By contrast, sequences of random numbers do not follow any pattern in the appearance of numbers. Take for example, the outcomes of throwing a die. If you throw a die 10 times, you may get a sequence such as 1, 6, 2, 1, 5, 6, 3, 3, 3, 6. You cannot predict what the next outcome will be based on the observed outcomes. Computers can generate numbers that appear to be random. For example, the commands
rnorm(10)
[1] 0.93728663 1.64729779 1.76768042 -0.01816226 -0.86260006
[6] 0.27750780 -0.86509918 0.02349651 1.09932461 -0.14221929
generates 10 numbers that appear to be random. It is not easy to predict what number you will get the next time you run rnorm()

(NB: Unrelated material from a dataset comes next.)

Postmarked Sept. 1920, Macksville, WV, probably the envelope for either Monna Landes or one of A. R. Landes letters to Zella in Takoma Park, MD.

again. However, the seemingly random numbers generated by computers are not truly random. They are generated by somewhat complicated algorithms. If you figure out the algorithm, you will be able to predict what the next number will be. For example, I can tell you that the above 10 numbers are generated using R’s rnorm()

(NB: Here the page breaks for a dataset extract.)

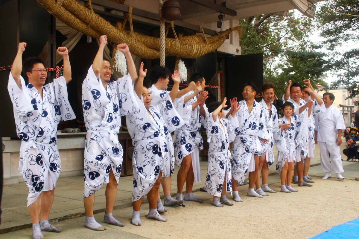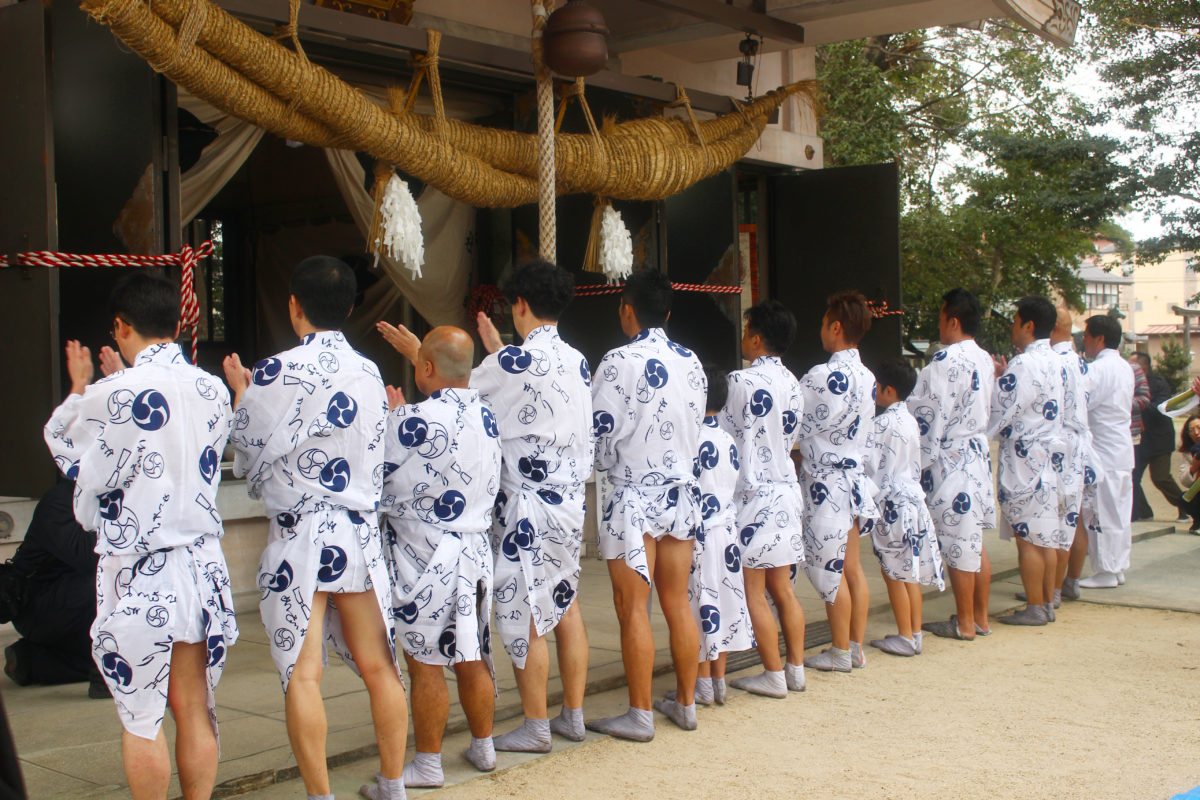 社殿の前に男衆が勢ぞろい。この男衆、後厄42歳の男性10名と厄年の子ども2名でチームが組まれているんだとか。この12名は役者と呼ばれ、一日中いろんな場面で活躍します。ユニークな制度ですね!

function with a seed number 39135. The same 10 numbers can be reproduced by opening an R console, typing set.seed(39135)
and then rnorm(10)
. To find out what the next number will be, just type
rnorm(1)
[1] 0.4126871
For this reason, these numbers are called pseudo random numbers. Even though pseudo random numbers are not true random numbers, they are easy to generate and share many statistical properties of true random numbers. They are widely used in many applications to simulate random numbers. For simplicity, we do not distinguish random numbers and pseudo random numbers hereafter.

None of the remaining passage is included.